**Your assignment:**
Using only the entries below, output the lines starting at the one containing "GFL (gangsta foe" and ending at the one containing "教室ではちょうど児童のつぶや", exactly and inclusive of both, omitting the pictures.

┌──

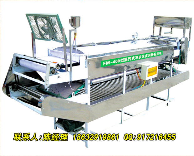 10.使用本机洗面和不洗面均可制作,厚薄可调,不需拆机清理,靠边仪表控制操作,无需用刷抹油。能制作凉皮、米皮、擀面皮、银丝面等产品。生产时,只要将面水倒入料斗内,出机即为熟制品。并通过调整工艺和温度,可使面皮表面产生起泡(膨化)、起花纹、表面光亮平整等不同效果,可根据各地流行口味自由选择。
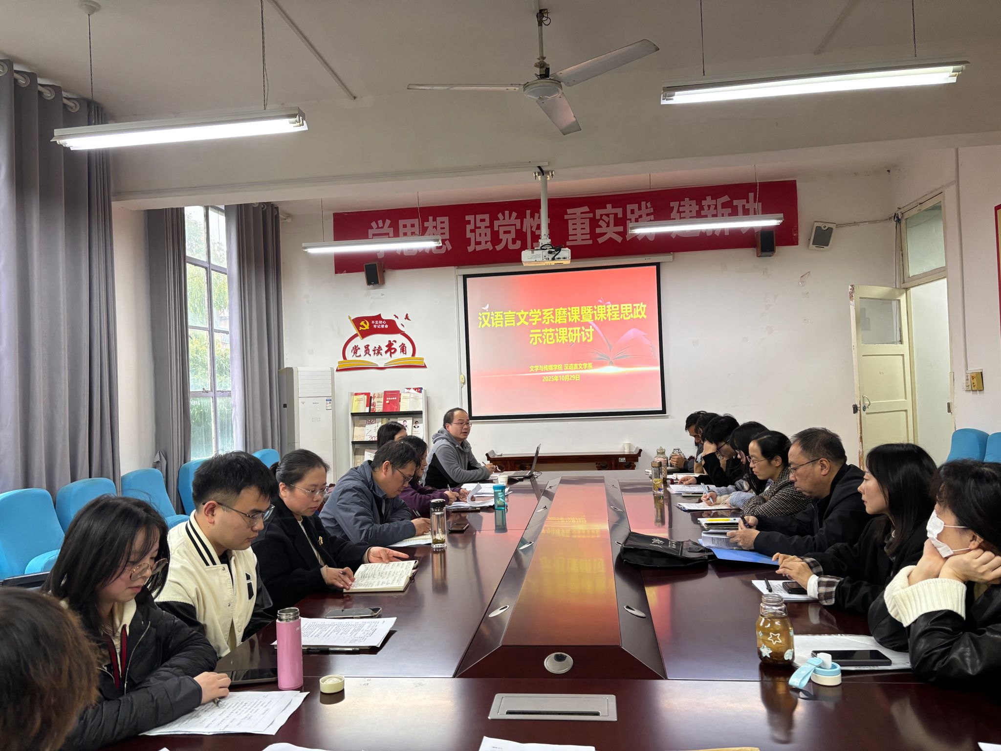 为深入贯彻落实立德树人根本任务,配合做好审核评估整改中期“回头看”专家进校考察准备工作,促进教师之间的学习交流,2025年10月29日下午,汉语言文学系举办了磨课暨课程思政示范课研讨活动。本次教研活动由汉语言文学系主任谭诗民博士负责组织实施,张格瑄老师进行课程思政示范课教学展示,公司领导、校院教学督导、各系主任以及其他无课教师参加了此次活动。
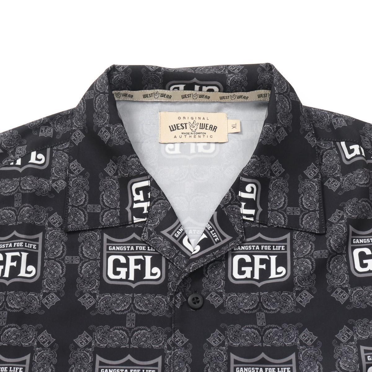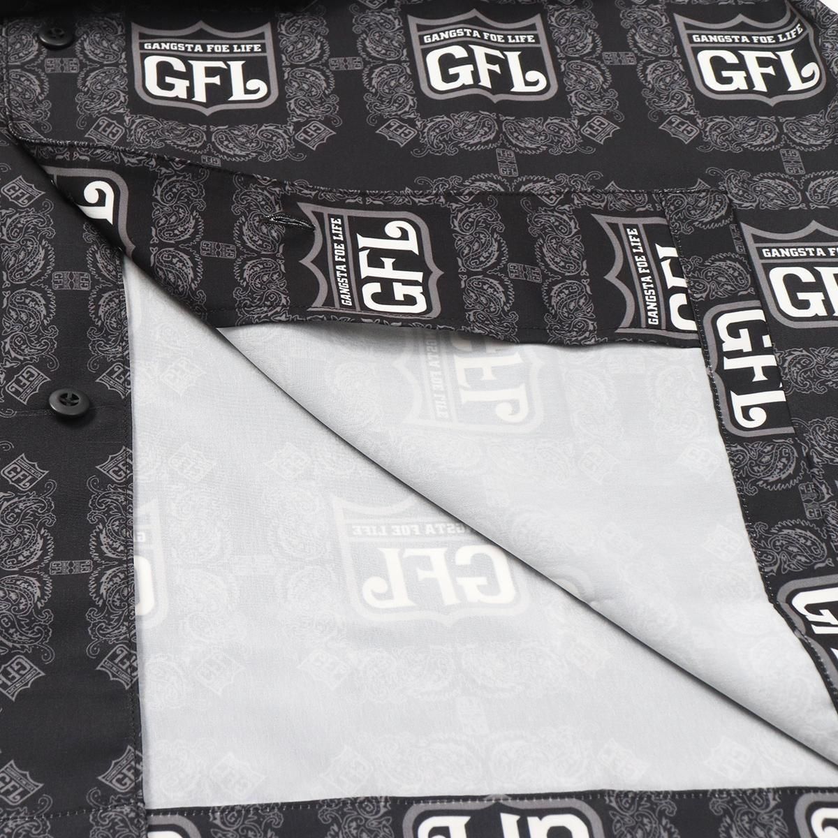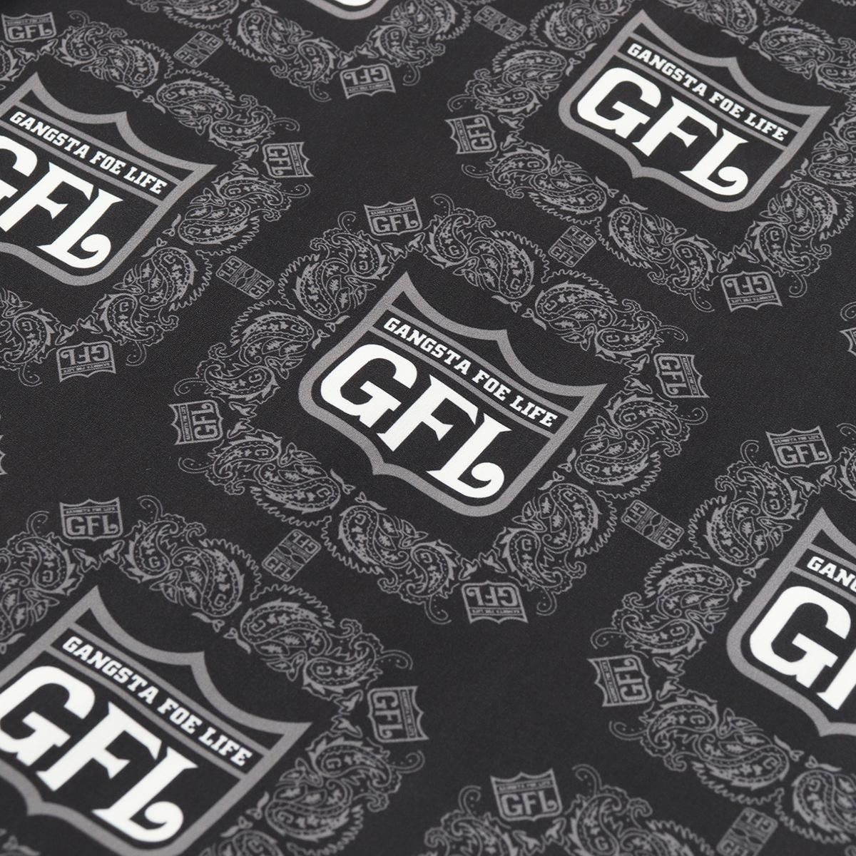 GFL (gangsta foe life) 存在感のあるロゴを全面にレイアウトしたロングスリーブシャツ。
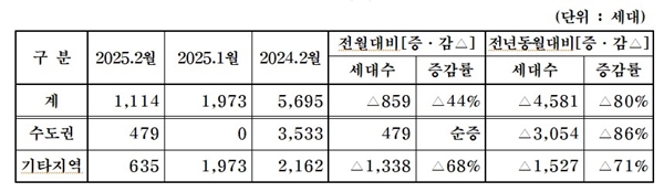 이는 전월(1973가구)과 비교해 859가구(44%) 감소했으며, 전년 동월(5695가구) 대비로도 4581가구(80%) 감소한 수치다.
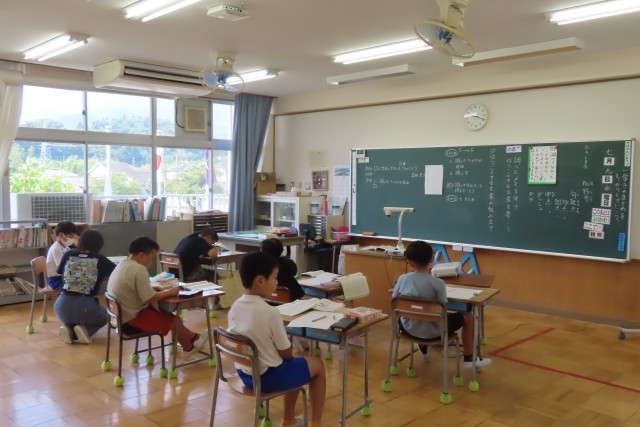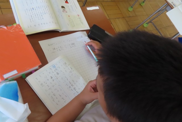 教室ではちょうど児童のつぶやき(嘆き)が聞こえてきました。「むずかしいなあ」「何て書いたらいいのか、わからないよ」と。「仕事のくふう、見つけたよ」自分の興味ある仕事について様々な工夫を調べ、文の組み立てをもとに、友達に報告する文章を書き始めたところでした。書きたい内容はあるけれどそれを文章にするのが、分かりやすく友達に伝える文章にするのが難しい。でも、そこをあきらめないで粘り強く考えて、まずは書き出してみることができた3年生。力がつくかどうかの分かれ道に、ちゃんと自分で力をつける道を選びました。
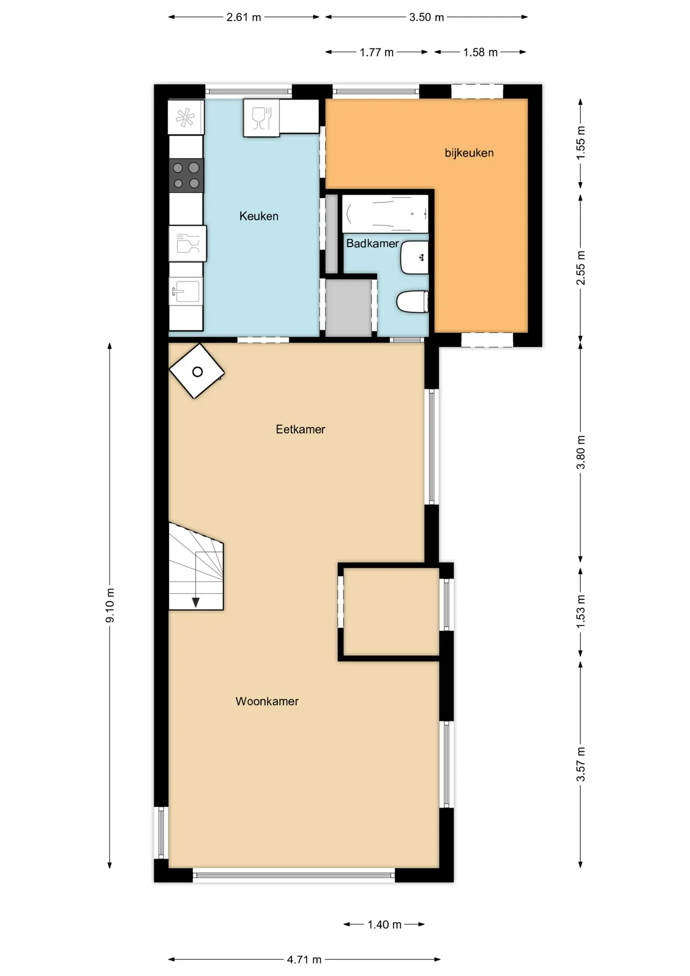 Op de begane grond vind je een royale woonkamer met veel lichtinval en voldoende ruimte voor een gezellige zithoek en eethoek. De keuken biedt volop mogelijkheden om naar eigen wens te moderniseren en vormt samen met de bijkeuken een praktische indeling. Verder bevindt zich op deze verdieping de badkamer, handig en comfortabel op de begane grond gesitueerd.
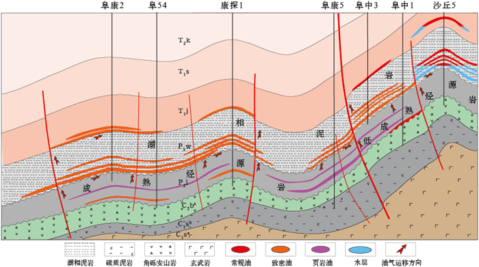 2015年以来,随着高精度三维地震资料的广泛应用,阜康凹陷东部具备形成多类型油气藏大油气区的成藏基础与富集条件正逐步显现。勘探思路也逐步由构造高部位常规油气藏转变为近源—进源探索致密油气藏。2019年,位于阜东斜坡带的康探1井在二叠系芦草沟组砂砾岩试获日产油18m3,实现源内致密油勘探突破;在二叠系上乌尔禾组砂砾岩中试获日产油158m3、天然气11190m3,展现出源内致密油与近源致密油气藏共存的特征;同时在三叠系韭菜园组砂岩中试获日产油102m3,初步刻画出“源内—源上近源—源上远源”多类型油气立体分布的复式格局[6]。在复式油气系统理论指导下,2020年部署的阜47井、阜48井、阜49井及康探5井等4口探井在上乌尔禾组试油获工业油流,进一步证实了上乌尔禾组具备亿吨级勘探潜力。2023年,阜54井在韭菜园组复试获工业油流;近期阜康2井在同一层系再获日产油56m3、天然气8045m3的高产油气流,进一步拓展了三叠系致密油气勘探新领域。同期,中国石化在凹陷区部署的董16井于上乌尔禾组致密砂砾岩中获低产油流,进一步揭示出全凹陷多单元含油的广阔前景。
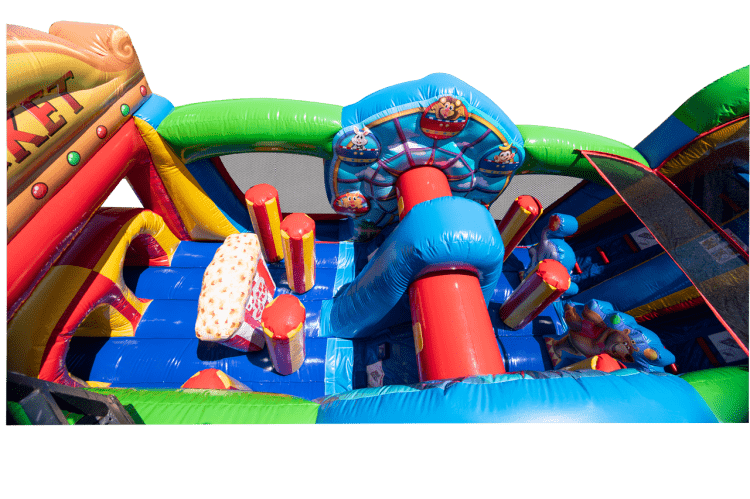 The 47 FT Fun Fair Obstacle Course is a long, high-energy rental designed to bring fast-paced excitement to any event. With its fun fair theme and impressive 47-foot length, this obstacle course offers plenty of room for active play, letting guests climb, crawl, weave, and work their way through the course in a playful challenge. It’s a great choice for adding movement, competition, and crowd-pleasing fun to parties, school events, festivals, and other celebrations where you want guests to stay engaged and entertained.
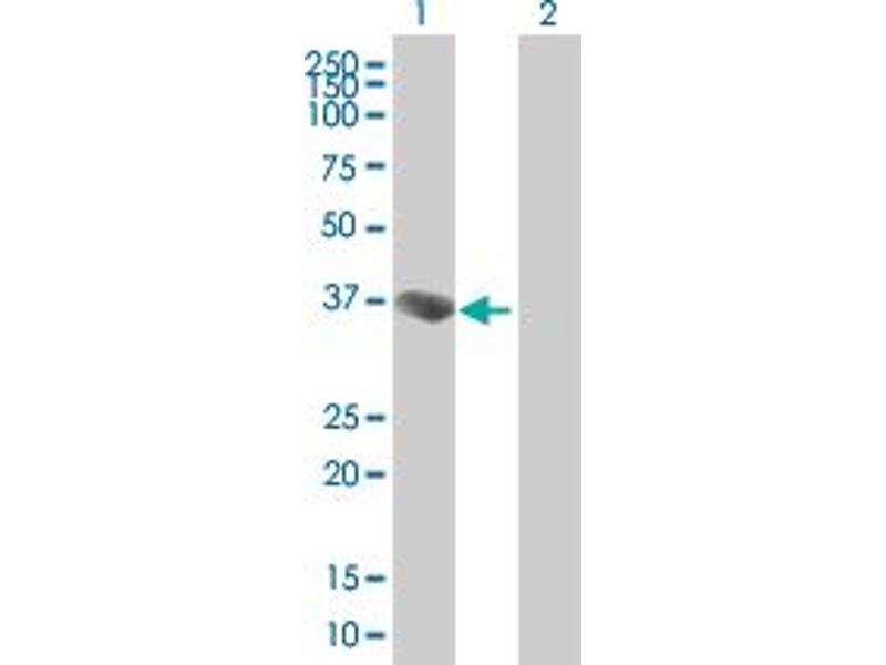 Product Quality tested by: Transient overexpression cell lysate was tested with Anti-ING2 antibody by Western Blots.
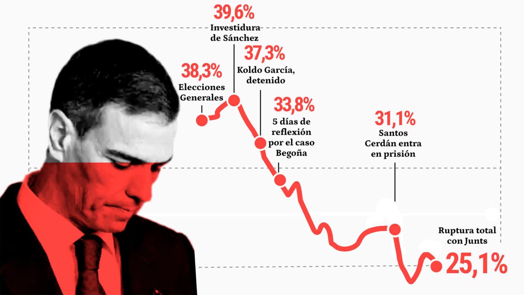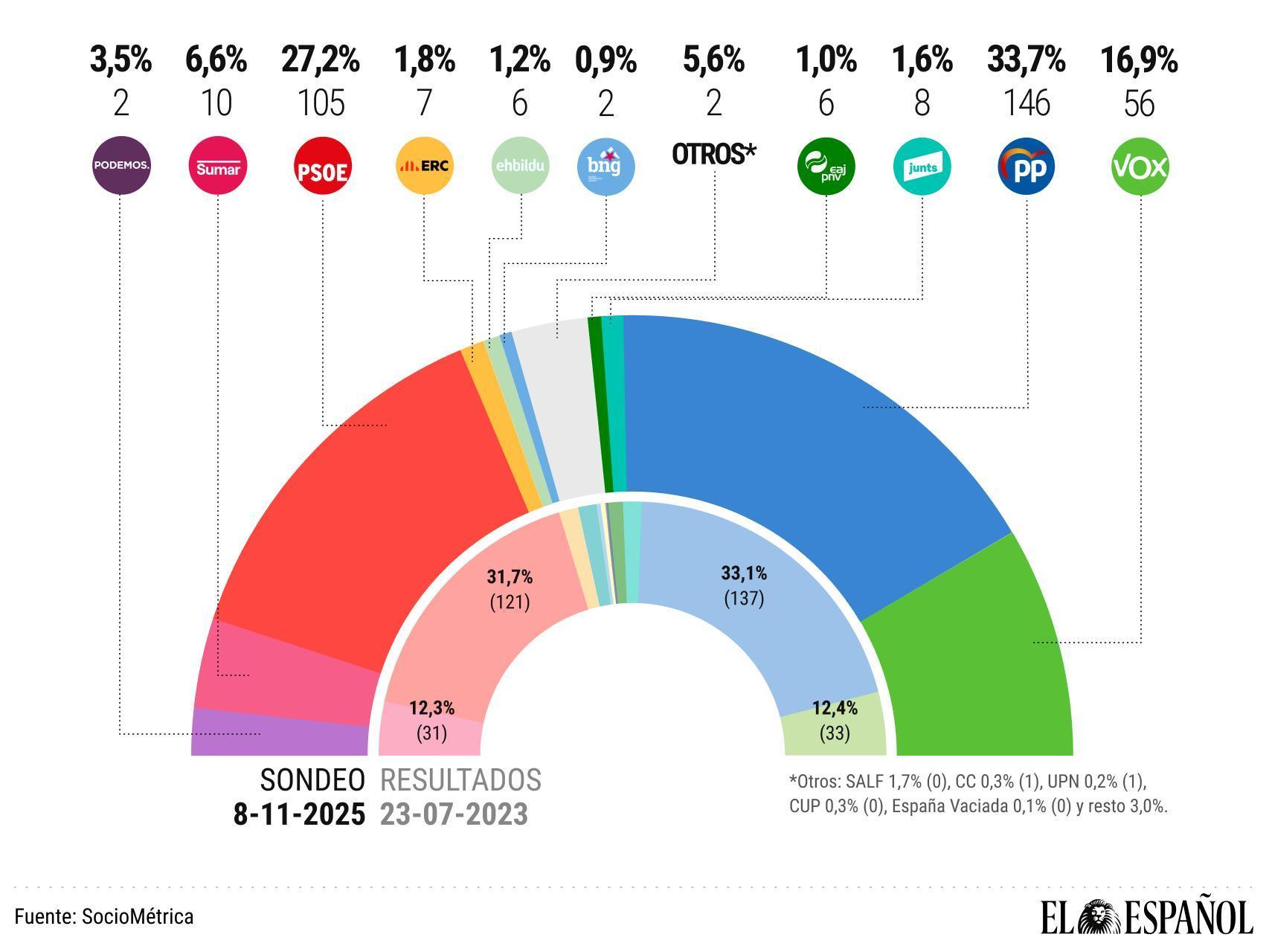 El PP obtendría 146 diputados, igual que todos los partidos del bloque de investidura que auparon a Sánchez, incluido Junts. Más información: Sánchez ha perdido 15 puntos de popularidad en 2 años desde que ‘compró’ la investidura a cambio de la amnistía Noticia completa

└──

**Solution for this problem:**
 GFL (gangsta foe life) 存在感のあるロゴを全面にレイアウトしたロングスリーブシャツ。
 이는 전월(1973가구)과 비교해 859가구(44%) 감소했으며, 전년 동월(5695가구) 대비로도 4581가구(80%) 감소한 수치다.
 教室ではちょうど児童のつぶやき(嘆き)が聞こえてきました。「むずかしいなあ」「何て書いたらいいのか、わからないよ」と。「仕事のくふう、見つけたよ」自分の興味ある仕事について様々な工夫を調べ、文の組み立てをもとに、友達に報告する文章を書き始めたところでした。書きたい内容はあるけれどそれを文章にするのが、分かりやすく友達に伝える文章にするのが難しい。でも、そこをあきらめないで粘り強く考えて、まずは書き出してみることができた3年生。力がつくかどうかの分かれ道に、ちゃんと自分で力をつける道を選びました。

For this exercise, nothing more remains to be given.